In her chapter on managing jealousy in open relationship, Pines discusses open marriages, swingers, the polyfidelitous Kerista commune, and an open commune. It was interesting to read her observations and analysis of the different groups, especially since she doesn’t really account for people in open polyamorous relationships, in which romantic love with other partners is allowed. All of those she interviewed only had casual sex as options, or in the case of the Keristas, has non-hierarchical relationships within a closed group.

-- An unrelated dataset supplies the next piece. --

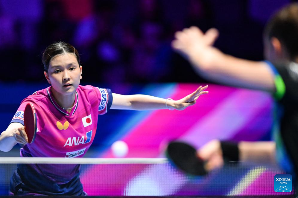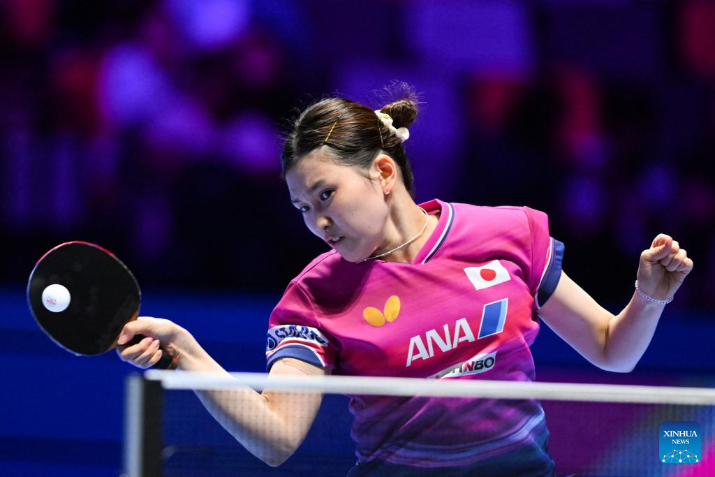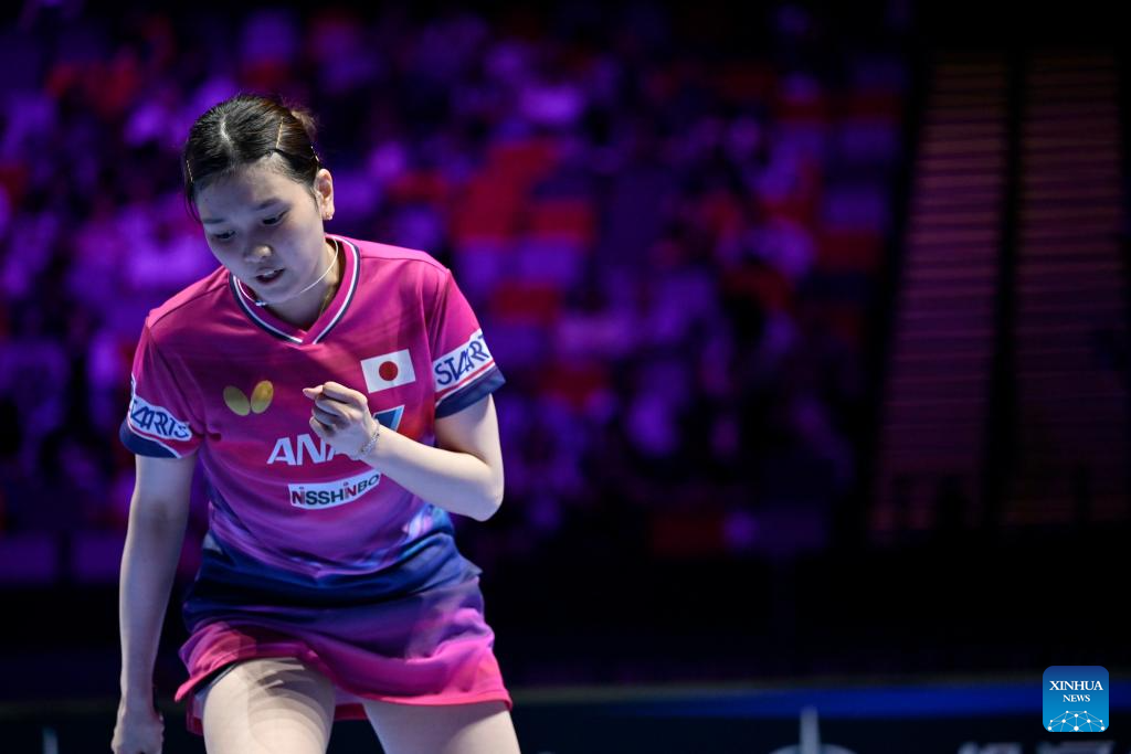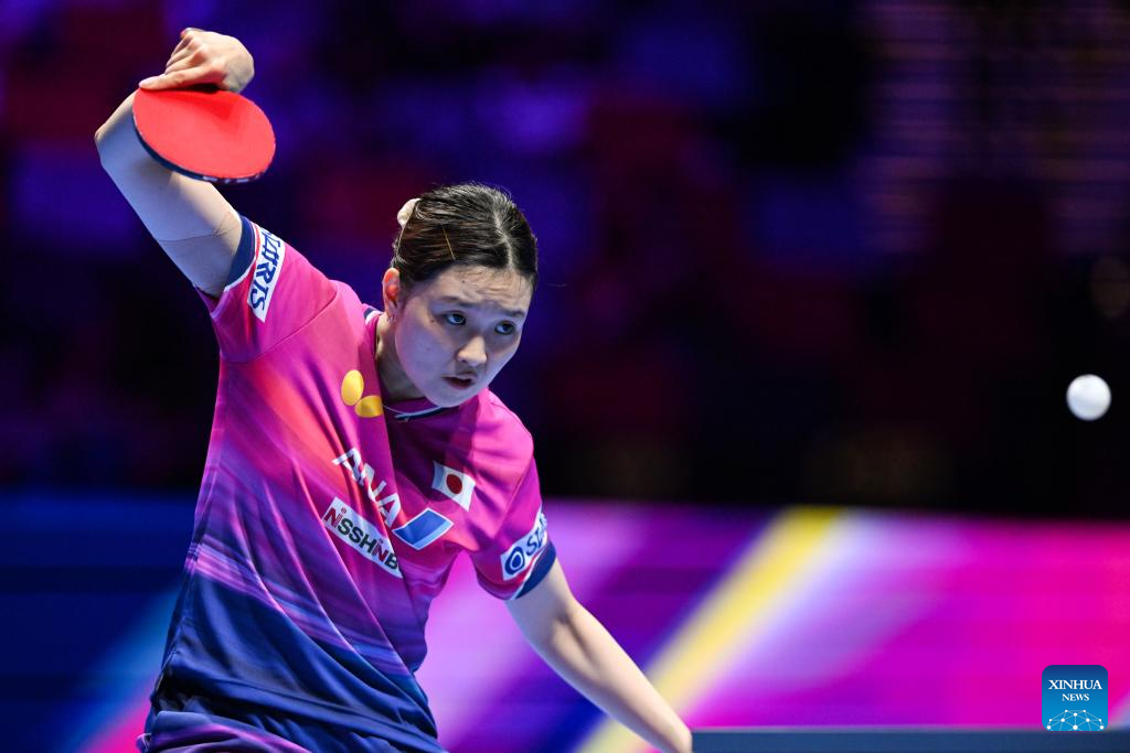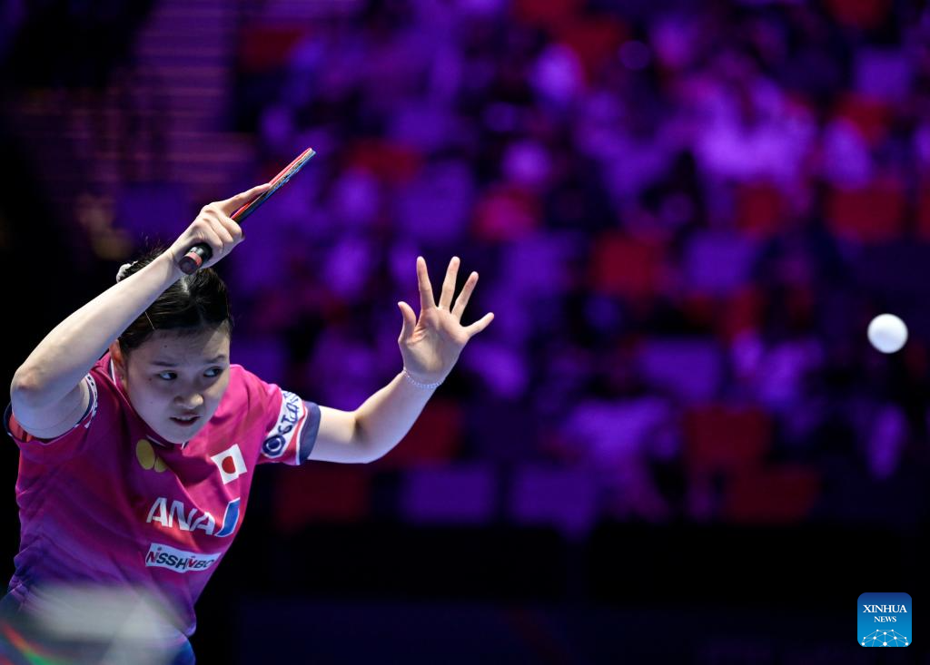 Hashimoto Honoka competes during the women's singles round of 16 match between Bruna Takahashi of Brazil and Hashimoto Honoka of Japan at the ITTF Men's and Women's World Cup 2026 in Macao, China, April 3, 2026. (Xinhua/Cheong Kam Ka)

Reading this book was really enlightening for me on a couple different levels. As someone who has experienced a lot of jealousy, it was helpful to read about some other techniques I can use to cope with jealousy. It was also really helpful to read about the systems approach, and how relationship dynamics can highlight jealousy issues. Because Pines also wrote the book for therapists working with individuals and couples dealing with jealousy, it was a really awesome insight into the kind of work I’ll be doing over the next few years in my Couples & Family Therapy program. I really liked filling out the romantic jealousy questionnaire at the end of the book; it was enlightening for me to reflect on what kinds of situations make me feel jealous, and to what degree. This book reads a little bit like an accessible textbook, and so it might feel a little dry to some readers, but I appreciated all of her discussion about the different approaches and the chance to reflect on my experiences.